Teria a “bomba ecológica” caído
acidentalmente nas proximidades do litoral ou sido lançada intencionalmente por
grupo terrorista numa das mais belas e aprazíveis regiões do planeta?
Acidente, atentado terrorista?
Guerra suja da Venezuela por causa das posições conflitantes do Bolsonaro com o
Maduro? Mil e uma hipóteses. As autoridades apelando aos mais modernos avanços
tecnológicos que identificam um rosto numa multidão, ou a que permite ouvir,
via um satélite indiscreto, o convite sussurrado do amante ao ouvido da
parceira para uma tarde no motel, afirmaram que logo encontrariam o culpado
pelo atentado/acidente que causou prejuízos ambientais e financeiros e que
iríamos, se necessário, aos tribunais para deles nos ressarcirmos.
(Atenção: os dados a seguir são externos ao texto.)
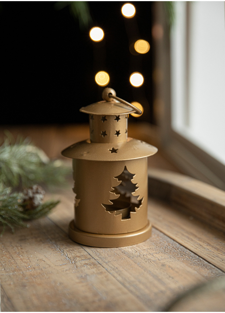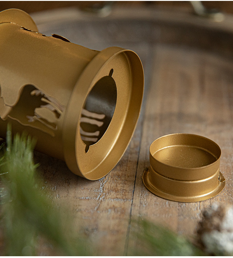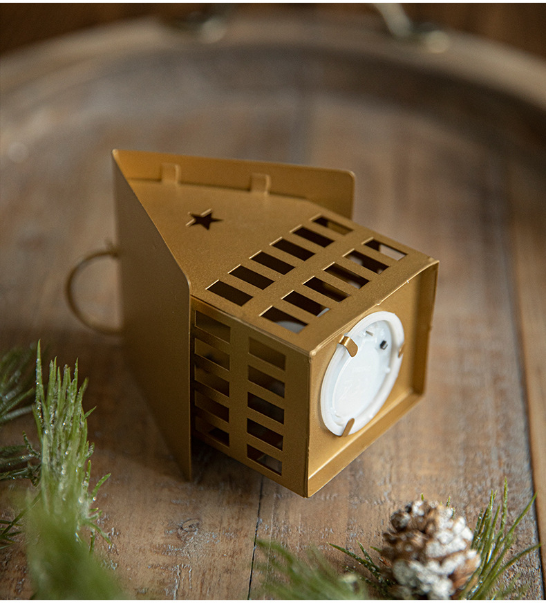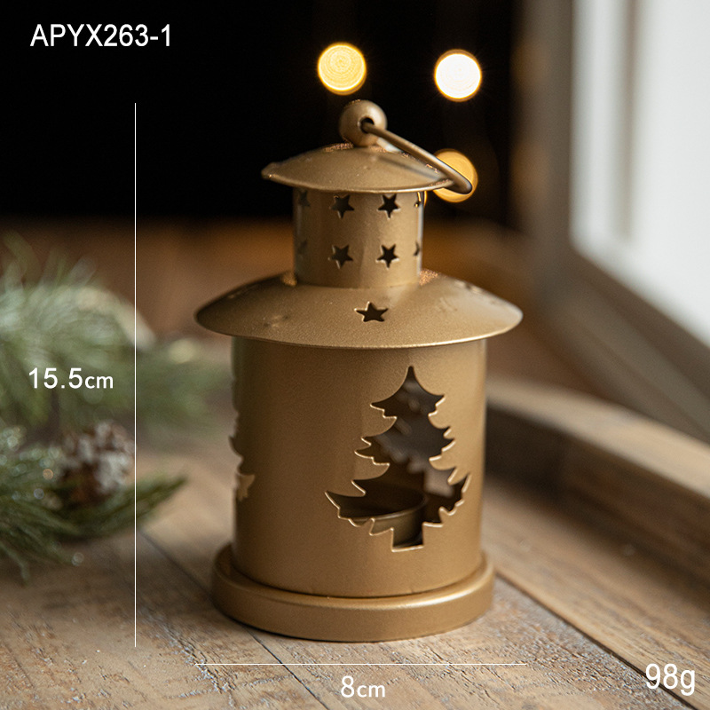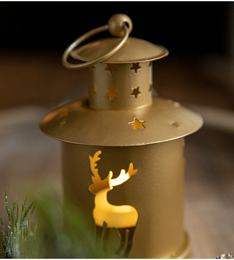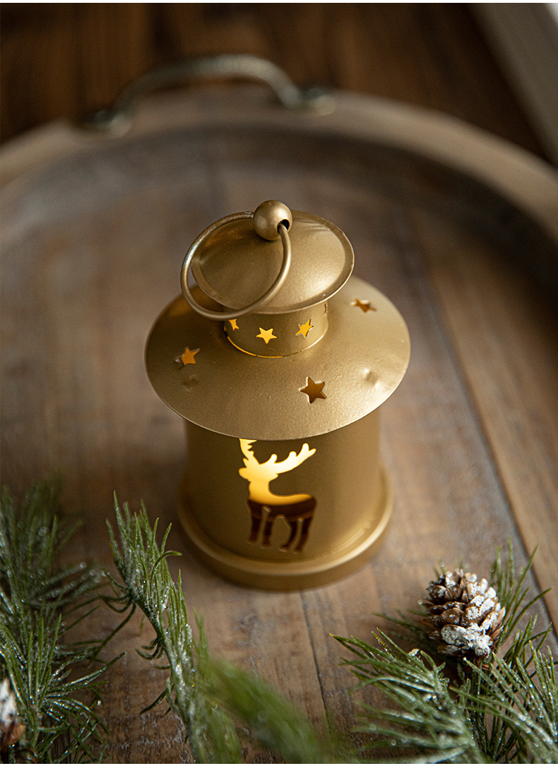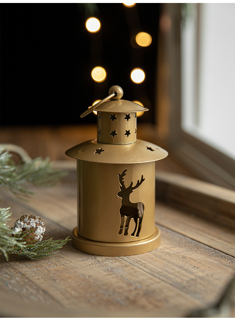 跨境新款圣诞节复古铁艺烛台房子圣诞创意风灯餐桌桌面摆件装饰品

Estávamos
firmes e duros, como estivemos com Macron, o presidente, que cobrou e ameaçou
nossa irresponsabilidade com a Amazônia, aquele casado com a primeira dama
francesa, aquela que foi desnecessariamente ofendida.
Eis que repentinamente surge o
culpado: o velho navio Bouboulina, de bandeira grega. Toda a imprensa repercutiu
e nós, espantados cidadãos no início de novo governo, pensamos e até dissemos:
“Algo está mudando neste país”. E lavamos nossa alma na, então, água limpa do
nosso orgulho.
Mas a conversa morreu aí. Não
mais se ouviu falar do assunto. Pelo menos para mim, leitor assíduo de jornais,
nunca fiquei sabendo de confirmação sobre a culpa da velha nau, se o Brasil foi
ressarcido de prejuízos, se os danos ambientais foram ou serão reversíveis. Por
favor, se algum leitor, tiver notícias me atualize, meus arquivos estão em
aberto.
Como previu Drummond para coisas
insolúveis, “tinha uma pedra no caminho” e nós preferimos, como se costuma
dizer na simplicidade do povo, “enfiar a viola no saco”.
“Sem memória não há
consequências”. Esta tem sido prática corrente na condução das questões
públicas no país. Deixar o tempo passar e o cidadão ficar entretido com novas preocupações
e escândalos, esquecendo-se dos antigos
e até de compromissos de candidatos em suas campanhas.
Postergar para que
esqueçamos. Para a Justiça, a culpa por um
crime só gera consequências após terem se esgotado todos os recursos possíveis.
Coisa nova. Se já era cega, a Justiça ficou mais lenta. Para ricos criminosos há prescrições, recursos
infindáveis. Pressões populares desaparecem com memórias que se dissolvem.
O assunto empolgante no momento é
o Queiroz. Amigo do Presidente, assessor de seu filho, o senador Flavio.
Personagem de uma intricada história de “rachadinha” e lavagem de dinheiro. A
população está entusiasmada com os próximos capítulos que vão passar na Globo
News.
Enquanto isso, continuamos sem
saber a quem o deputado Rocha Loures iria entregar aquela mala de dinheiro, a
da corrida pelas ruas de São Paulo, lembra?
Queiroz e o senador estarão na
mídia enquanto isso for pedra no tabuleiro do xadrez político (sem trocadilho),
após tudo será esquecido. Sem memória, sem consequências.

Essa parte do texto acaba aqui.